J’ai cru comprendre que la procédure est pour toi un sacrifice financier énorme ?

Concernant la cassation, en passant par une demande d’aide juridictionnelle qui, dans mon cas, devrait prendre en charge 55 % des frais de procédure, je dois débourser entre 1.500 et 3.000 euros, en fonction de l’avocat au conseil qui sera choisi. Pour la partie à payer par mes soins, j’ai mis en place une cagnotte solidaire. Ceci dans le seul objectif de poursuivre la procédure en droit français. La totalité des sommes récupérées étant réservées exclusivement à cette fin (les justificatifs seront transmis).
Voici le lien internet vers la cagnotte : www.lepotcommun.fr/pot/yxx0erkl

Il me semble que tu as été condamné au civil pour « procédure abusive » ?

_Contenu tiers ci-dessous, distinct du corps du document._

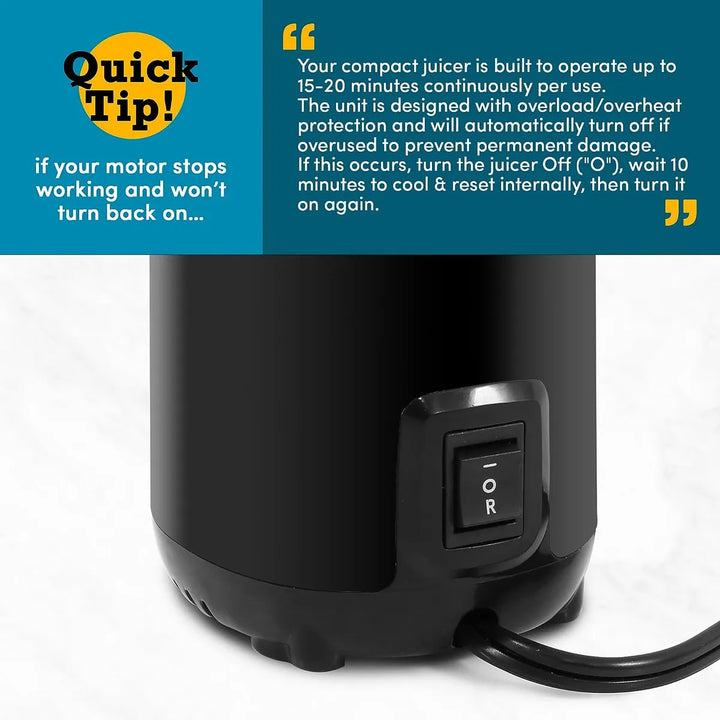 - Recoge el jugo fresco en un vaso y disfruta al instante.

Oui, condamné à 1.000 € par le TGI de Nancy. Ce qui représente presque un mois de revenus pour moi. Suite à cette condamnation à mille euros, j’ai voulu faire valoir en appel ma résistance à l’oppression politico-judiciaire sur le fondement de l’article 2 de la Déclaration des Droits de l’Homme et du Citoyen (D.D.H.C.) de 1789, qui mentionne que la résistance à l’oppression est l’un de nos droits naturels et imprescriptibles.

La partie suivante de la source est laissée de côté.